By Haveacow (registered) | Posted March 02, 2016 at 12:56:13

Well its quite clear that the city of Hamilton and CHH is caught in the same trap that most municipalities are. Their insight and operational rules are designed have view what the value of assets, in this case land and or housing units is currently, not what it could be after improvements like LRT and new GO Stations are built. Rules for these types of operations for municipal organizations are specific and clear they can't speculate on what will be. Therefore they often undervalue their assets, they are just not allowed to say were going to value it higher because these improvements and changes in building styles mean this is now more valuable, they legally have to provide evidence of this. This type of evidence is quite difficult and time consuming to bring forward and prove. Individuals and developers for that matter, don't have this limitation on them when they sell assets like homes and land. The whole private system of land development is based on the fact that asset value is tied to what will or could be, not necessarily what it is right now. Municipalities and their organizations like HCC, will always have one hand tied behind their back in this fight because they are legally required to look in the present only, not necessarily what will happen to the value of something in the future.

Hamilton also has a few other issues hampering it. The lack of development has produced a wide gap in the absolute value of land here compared to even other municipalities geographically close by. My sister's house in Whitby can be sold for just its tax value and she could probably easily buy 2, maybe even 3 homes in Hamilton's North End. This by its very nature creates a vacuum sucking prices upward, as long as improvements occur. On top of that, the basic dynamic that has existed in North America regarding how and what is value in developed land is fundamentally changing. The suburbs were the preferred place to live compared to neighborhoods in the core of the city, for too many reasons to get into here. However, that is now changing and in most cases turning right over on its head. Inner city neighborhoods are now the desired place in many cities causing quite a headache, especially in the housing development industry. Hamilton is just relatively late in experiencing this phenomena.

The lack of belief that this is actually occurring, a kind of inner core urban value denial movement, has taken hold in many suburban dwellers and their politicians because it runs absolutely counter intuitively to the perceived value of the dominance of the traditional suburb, (like a form of climate change denier). This change or in some cities, an outright reversal in the value of city core land in comparison to the suburb as well as the associated change in lifestyle values connected with it, will force a big change in how certain places, like how your harbor lands are developed. That change forces a need to severely modify our approach to developing so called, "affordable housing".

For example, section 37 money that municipalities use to get stuff from developers so they can build beyond what the limiting zoning rules permit, helps equalize or help nullify the advantage a private developers have over the municipality due to the operational limits forced on them by their enabling legislation and how they must view relative land and asset value. Unfortunately, it is now becoming the rule not the exception it was originally intended to be.

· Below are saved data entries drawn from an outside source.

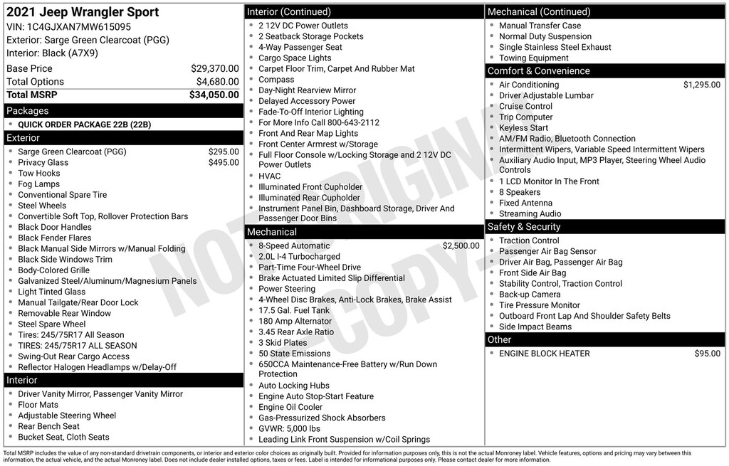 Sarge Green Clearcoat 2021 Jeep Wrangler Sport 4WD 8-Speed Automatic 2.0L I4 DOHC
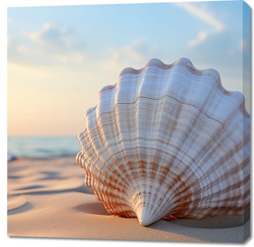 Obraz z serii natura zatytułowany Echo Morza. Delikatne, pastelowe barwy muszli występujące na pierwszym planie, z jej wyraźnymi liniami i subtelnym przejściem kolorów od kremowego do różowego, kontrastują z dynamicznym tłem zachodzącego słońca nad morzem. Złote refleksy światła na wodzie i miękki, piaskowy pierwszy plan tworzą poczucie głębi i spokoju. Idealny do wnętrz o tematyce morskiej, relaksacyjnych spa oraz jako element dekoracyjny w pokojach hotelowych z widokiem na morze.
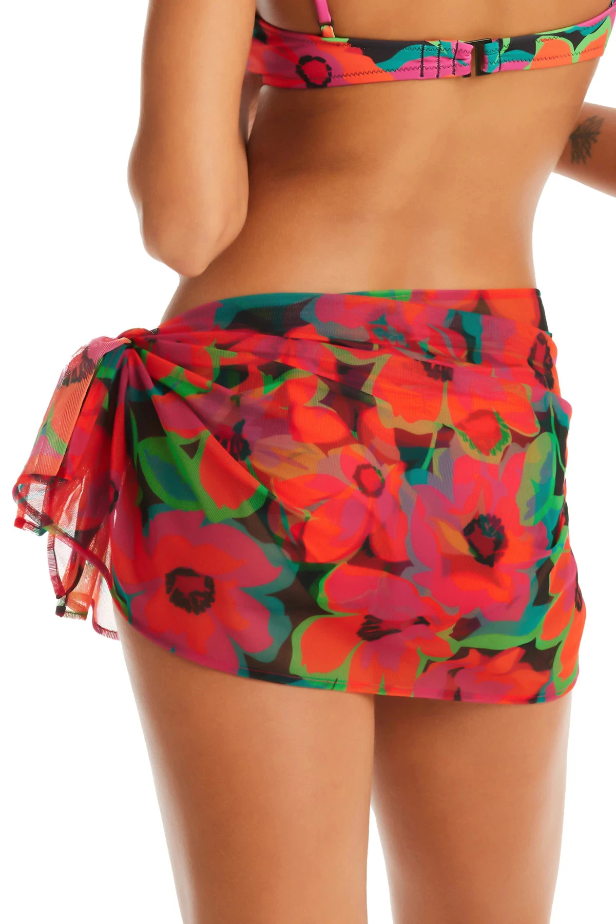 Sarong features a floral print and offers a self tie waist.

That being said, municipalities have had varying degrees of success when applying these rules and it does help somewhat, equal out the advantage, the private market has over municipal governments. Cities like Hamilton, are still playing "catch up" when dealing with the wants and desires of new and existing core urban dwellers vs. the process on how they value and develop new or reused land parcels in the core areas of the city.

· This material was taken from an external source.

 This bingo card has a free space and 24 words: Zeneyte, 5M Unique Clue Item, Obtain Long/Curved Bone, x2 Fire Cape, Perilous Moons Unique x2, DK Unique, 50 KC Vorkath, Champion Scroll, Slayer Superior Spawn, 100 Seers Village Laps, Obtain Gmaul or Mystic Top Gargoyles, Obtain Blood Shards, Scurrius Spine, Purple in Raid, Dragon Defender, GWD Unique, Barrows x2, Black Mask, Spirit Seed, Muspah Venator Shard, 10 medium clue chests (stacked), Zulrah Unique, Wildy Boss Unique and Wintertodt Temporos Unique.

There is a sense of frustration for everyone involved because of the multiple differences regarding how the various players in Hamilton view how this core area land should be developed. For example, certain suburban players deny this property has actual value as housing and view it purely as a simple transaction or purchase from one owner to a buyer, just like the suburbs. Certain long time residents of the core see this as selling out the population who already lives their and to somewhat fight the force of change these new properties will bring. Still others see it as a possible improvement to a undervalued place as long as, the important local common social beliefs and benefits around what is good development, are maintained. Still an other group, sees it as way to make a lot of money, pure and simple, so everyone else, get out of the bloody way and don't whine to me about community values, this is commerce! The city of Hamilton has to now suddenly be the arbiter in a dance of values & beliefs on what does or does not make a good place. I hope the City of Hamilton's actual government and staff have the appreciation and sophistication to handle this new reality in the core of the city.